# Radio Tarifa, a band that mixes Arab and Spanish Flamenco (Must see)



## dieglhix (Sep 25, 2012)

Apart of classical music, I'm a big fan of ethnical music. I have found a band that has made quite complex music, they are from Spain, play in a Flamenco way with Arabic instruments and melodies.

Wikipedia:


> Radio Tarifa was a Spanish World music ensemble combining Flamenco, Arab-Andalusian music, Arabian music, Moorish music and also influences of the Mediterranean, of the Middle Ages and of the Caribbean. The name of the ensemble comes from an imaginary radio station in Tarifa, a small town in the southernmost Spanish province of Cadiz, Andalusia, the nearest part of Spain to Morocco. Instead of simply fusing musical styles as they currently exist, Radio Tarifa goes back in time to the common past of those styles, back to before 1492 when the Moors and Jews were exiled from Spain.

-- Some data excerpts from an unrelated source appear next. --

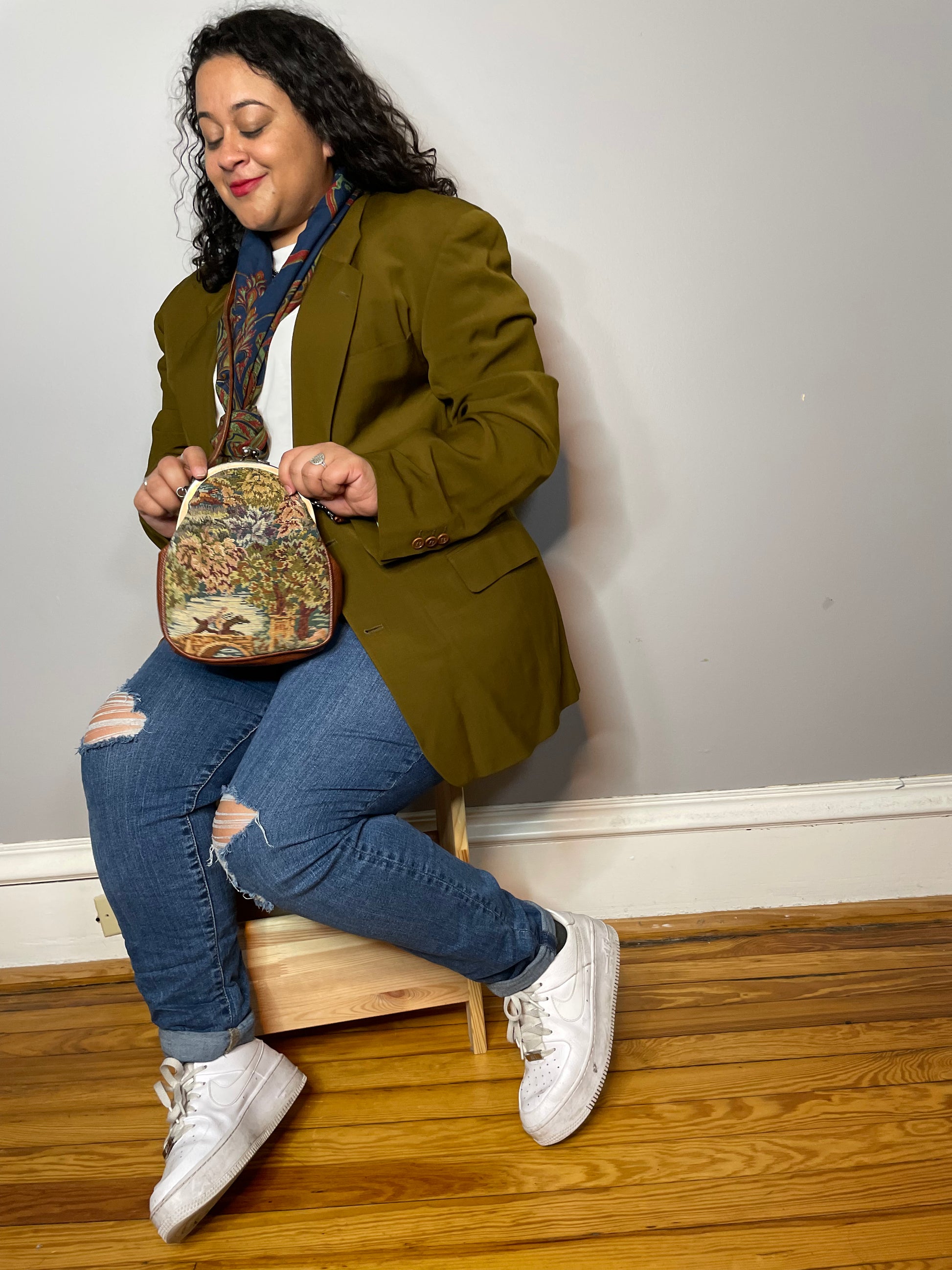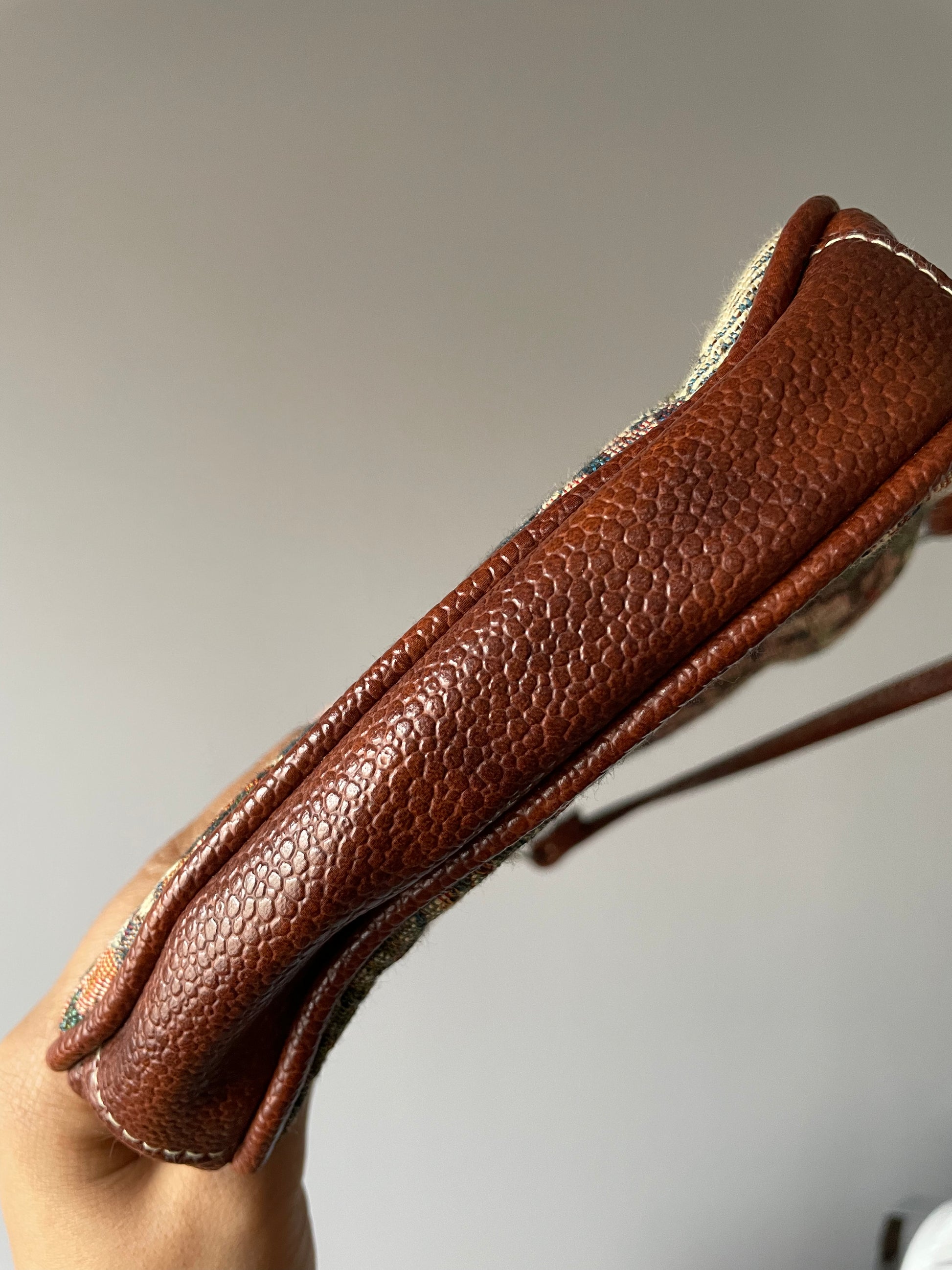 An adorable vintage tapestry bag that features a scenic pattern with, of course, a horse and its rider. The inside is faux leather, and the purse has a snap closure.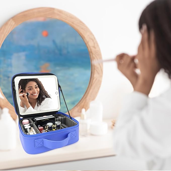 Travel Makeup Bag with LED Mirror Travel Makeup Organizer with 3 Lighted Settings, Adjustable Dividers and Makeup Brush Storage Bag Dark Blue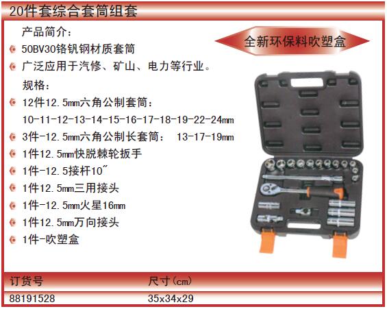 ·12件12.5mm六角公制套筒: ·10-11-12-13-14-15-16-17-18-19-22-24mm ·3件-12.5mm六角公制长套筒:13-17-19mm ·1件12.5mm快脱棘轮扳手 ·1件-12.5接杆10" ·1件12.5mm三用接头 ·1件-12.5mm火星16mm 1件12.5mm万向接头 1件-吹塑盒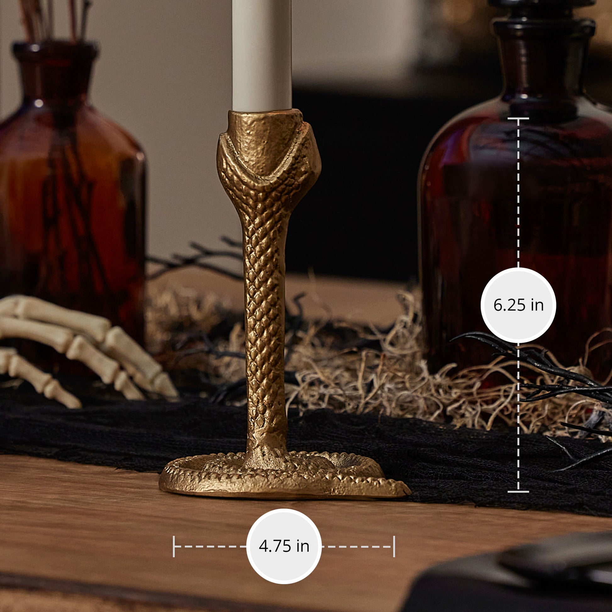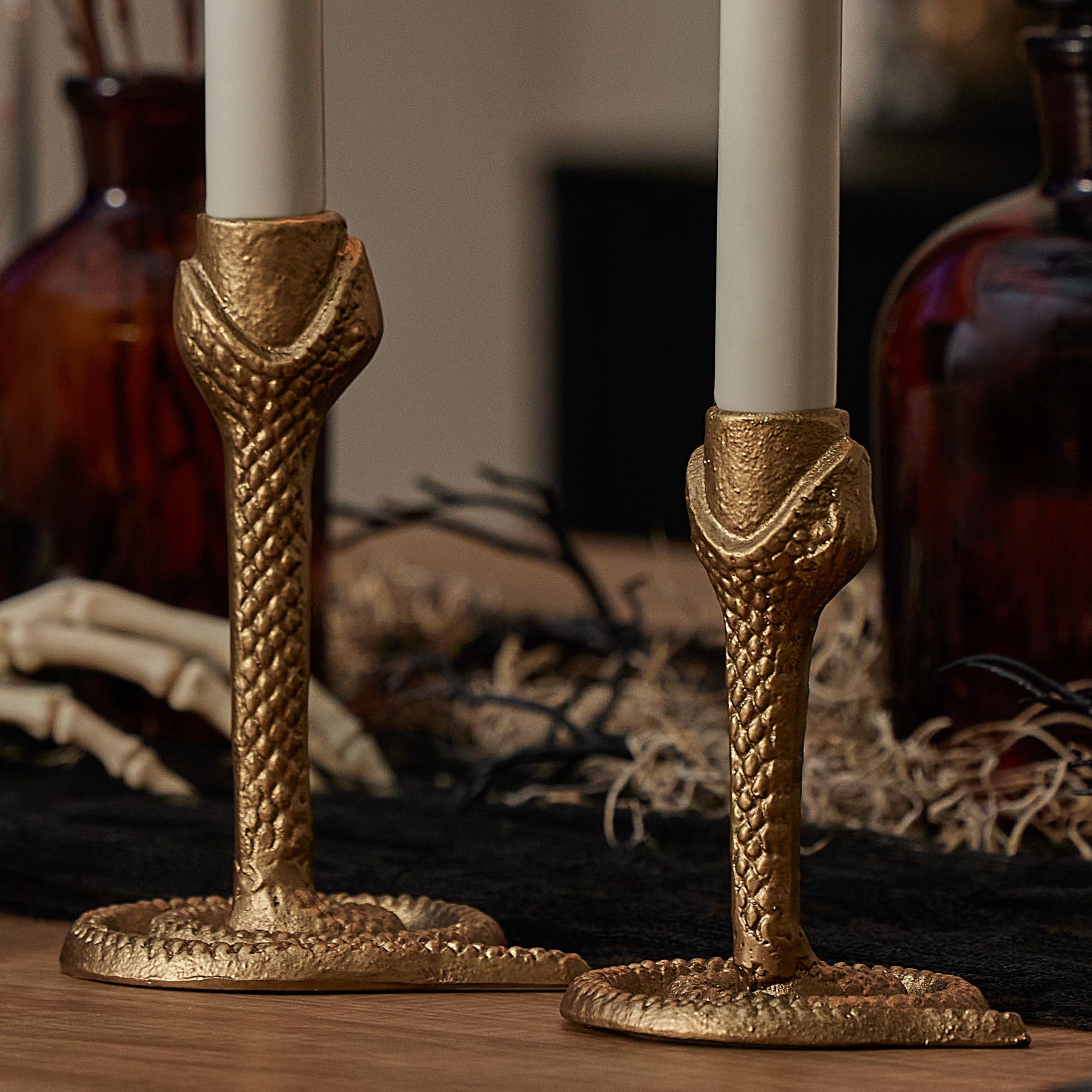 Luminara’s Brass Wrought Iron Snake Taper Holders look and feel luxurious with their understated yet ornate design that is perfect for subtlety amplifying your Halloween décor. Made using quality materials, these brass taper holders are available in two distinct sizes that look elegant when staggered across tabletops or fireplace mantles. Designed to look like a coiled serpent swallowing its prey, these tapers will effortlessly add enchantment and drama to your Halloween decorating.

This invented style sheds light upon the real styles of Spain, most notably flamenco [1] although the band rejected all musical purism, preferring to mix arrangements of traditional compositions with their own melodies and combining instruments from Ancient Egypt, classical Greek and Roman times with modern saxophones and electric bass.















Check the other songs

I can give you a Torrent with all the albums

This is basically what I listen to aside from Classical music


----------